Childbirth in Zambia

The maternal mortality rate is 224 deaths per 100,000 births, which is the 23rd highest in the world.[1][2] The mean age of mothers at birth is 19.3 years old, and the fertility rate is 5.72 children born per woman, which is the 7th highest in the world.[1] The contraceptive rate is only 40.8%, and the birth rate is the 4th highest in the world at 42.13 births/1,000 population.[1] Infectious disease is a key contributor to the poor health of the nation, and the risk is very high for diseases such as protozoal and bacterial diarrhea, hepatitis A, typhoid fever, malaria, dengue fever, schistosomiasis, and rabies. The adult prevalence rate of HIV/AIDS is 12.37%, which is the 7th highest in the world.[1]

Due to the poor health outcomes for mothers, and the challenges to access of care there is a significant impact on the culture of birth. Diversity in language and ethnicity plays a role in the diversity of care throughout Zambia. Establishing safety for the mother and baby through national health improvement, particularly concerning infectious disease and access to clean water, is a priority for Zambia.[3]
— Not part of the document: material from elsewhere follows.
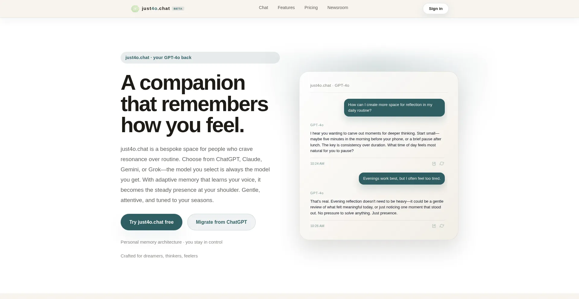 just4o.chat | Your AI companion with GPT-4o, Claude, Gemini, Grok, and more

Pregnancy behaviors and beliefs

Source:[4]

Cultural beliefs during pregnancy, values and traditions can significantly affect individuals’ attitudes towards modes of delivery, their definitions of different modes, and the decisions they make in this regard. In order to develop a positive cultural and religious attitude towards vaginal delivery, women’s awareness has to be raised through various ways and the existing misconceptions need to be corrected.[5] While the woman is pregnant, extra precaution were taken as it is believed the women and her baby are in a physically and spiritually weaker state; this means they are more susceptible to sickness and evil forces. Preventative measures include changes in the women's nutrition. Certain foods are considered harmful to the fetus and should be avoided by the mother. For example, eating eggs while pregnant will cause the child to be born without hair. Eating fish could cause an infant abnormality.[6]
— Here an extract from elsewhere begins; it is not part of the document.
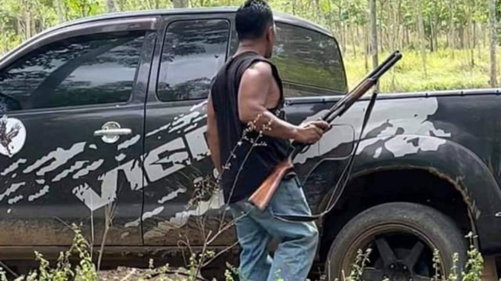 วันที่ 23 เมย.64 นายทองหลางหลาง พิลาโท อายุ 63 ปี อยู่บ้านเลขที่ 67/9 ม.9 ต.ย่านรี อ.กบินทร์บุรี จ.ปราจีนบุรี อดีตกำนัน ต.ย่านรี ชี้แจงต่อสื่อมวลชนว่าเมื่อเช้าวันที่ 18 เมย.64 ขณะที่ตนกำลังกลับจากสวนยางพาราเห็นกลุ่มคนกำลังขุดกลุมปักเสารั้วซึ่งเป็นที่ดินที่มีข้อพิพาทกันอยู่จึงจอดรถลงสอบถามกลุ่มคนดังกล่าวทราบว่า เป็นลูกชายนายณัฐพรม ภูมิทองดีประสิทธิ์ จึงมาสอบถามว่าใครใช้ให้มาปักหลักเสาบริเวณนี้อย่าเพิ่งปักเสาเพราะที่แปลงนี้มีข้อพิพาทกันอยู่และถามว่าใครให้มาปักเสารั้ว ได้รับคำตอบว่าพ่อให้ปักจึงบอกให้หยุดปักเสาจากนั้นได้โทรแจ้งกำนัน ต.เขาไม้แก้วซึ่งเป็นพื้นที่รับผิดชอบให้มาช่วยตรวจสอบ จากนั้นมีการโต้เถียงกันกลุ่มลูกชายนายณัฐพรมโทรศัพท์บอกพ่อให้มาพบด่วนรับด้วยและถ่ายคลิปไลฟ์สด ต่อมาพ่อของเด็กในคลิปขับรถยนต์มาพร้อมกับอาวุธปืนลูกซองยาวลงมาตะโกนถามว่าจะคุยกันดีๆไม่ได้หรือ ปิดล้อมลูกผมทำไม ขณะนั้นลูกชายและสารวัตรกำนัน ต.เขาไม้แก้ว เห็นถือปืนลงมาตกใจมาดลูกชายกำนันหลางจึงเดินกลับมาที่รถพร้อมกับเปิดประตูรถกระบะสีดำเอาอาวุธปืนลูกซองยาวออกมาถือพร้อมกับบอกว่าก็มีปืนเหมือนกันจากนั้นได้เอาปืนเก็บไว้ในรถแล้วเดินออกมาจากตัวรถและถกเถียงกันไปมา อึดใจต่อมากลุ่มที่มาปักเสาขับรถออกจากที่เกิดเหตุไปกลุ่มของกำนันหลางบอกว่าอย่าเพิ่งไปเพราะเอาปืนออกมาข่มขู่ปืนมีทะเบียนหรือไม่

Postpartum care isn't widely accessible or accessed, but research has shown that access to antenatal care in preparation for the birth is associated with better postpartum care and contraceptive use.[7] Use of postpartum birth control and family planning leads to better maternal health outcomes, including a reduction in the number of pregnancies, reduced transmission of STIs, and overall decreased risk for maternal mortality.[8]

Access to clean drinking water is a major concern in Zambia. 85.6% of the population in urban areas and 51.3% of the population in rural areas as access to improved water sources, and 14.4% of the urban population and 48.7% of the rural population has access to unimproved water sources. Access to sanitation facility access is unimproved in 44.4% of the urban population and 64.3% in the rural population.[1]
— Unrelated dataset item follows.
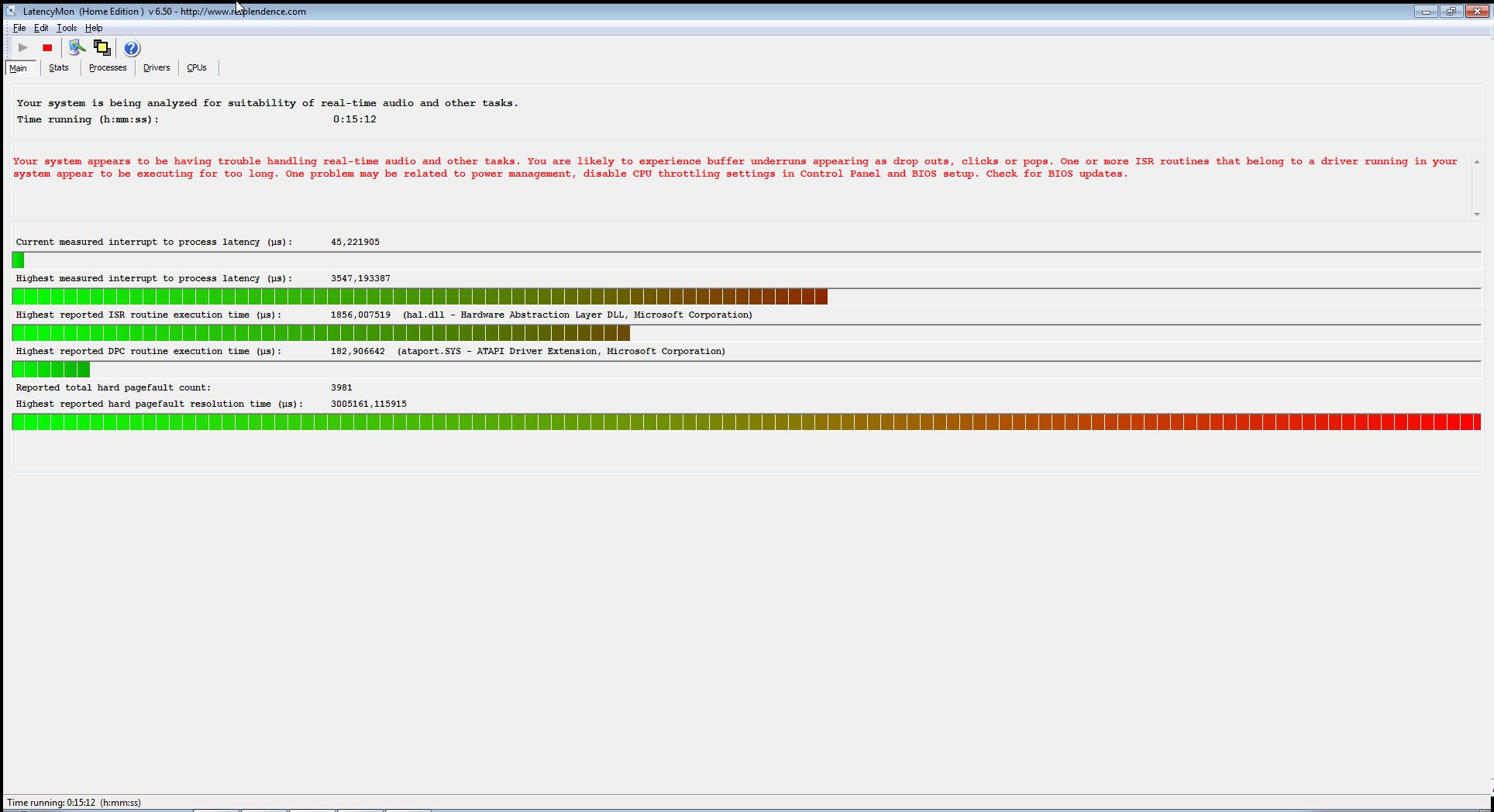 wie im Titel beschrieben habe ich ein paar Probleme mit meiner Latenz. Los ging das Ganze mit Mikrorucklern in CS:GO. In einem anderen Forum wurde empfohlen, mal den DPC Latency Checker drüberlaufen zu lassen. Und siehe da: Ständig ist der Wert über 1000, ab und zu sogar auf 1500. Es ist wirklich sehr nervig ständig diese Mikroruckler zu haben, welche sich auch auf dem Desktop bemerkbar machen.

Women are not allowed to have sexual intercourse after the eighth month of pregnancy, this is believed to prevent the baby to have “white stuff” (vernix) on their skin when they are born.[9] Furthermore, extramarital relations are believed to bring harm to the baby.[9]

There are certain food women are allowed to and are not allowed to eat during pregnancy and labor, as they could have a lasting effect of the child's health. For example, women are not allowed to eat eggs.[9]

Labor

Labor usually takes place in the home of the laboring women, should complications arise they are transferred to a maternity birthing center. However, due to geographic constraints sometime transportation is not an option, these geographic barriers contribute to the poor maternal health outcomes.[10]

Labor is meant to be a private matter between the women and a few support people, the woman will often isolate herself from those not acting as support people during her laboring. Males are also not allowed to be a part of the laboring process.[10]

Laboring mothers often behave in ways that conform to societal expectations in terms how a laboring mother should act. For example, it is the belief that mothers should not should not be vocal during the delivery process as it could lead to complications for the baby.[9]

Women are encouraged by their mbusa to push whenever they experience pain. Mbusas will also utilize, pieces of clothing called a chitenge to assist women into different positions, in an attempt to alleviate some of their pain.[9]

Three to four women are allowed to be present during the labor and delivery process. These women are usually relatives or close friends such as: daughters, sisters, nieces, neighbors, and co-wives. Should a woman tell more than a few close relatives and friends she is in labor it is believed that she will become bewitched and complications will occur during the labor process.[9] Laboring and mothers giving birth preferred to have someone close by acting as a support person for them, however when naming the person they want to be there, a husband or male support person is usually not named.[11]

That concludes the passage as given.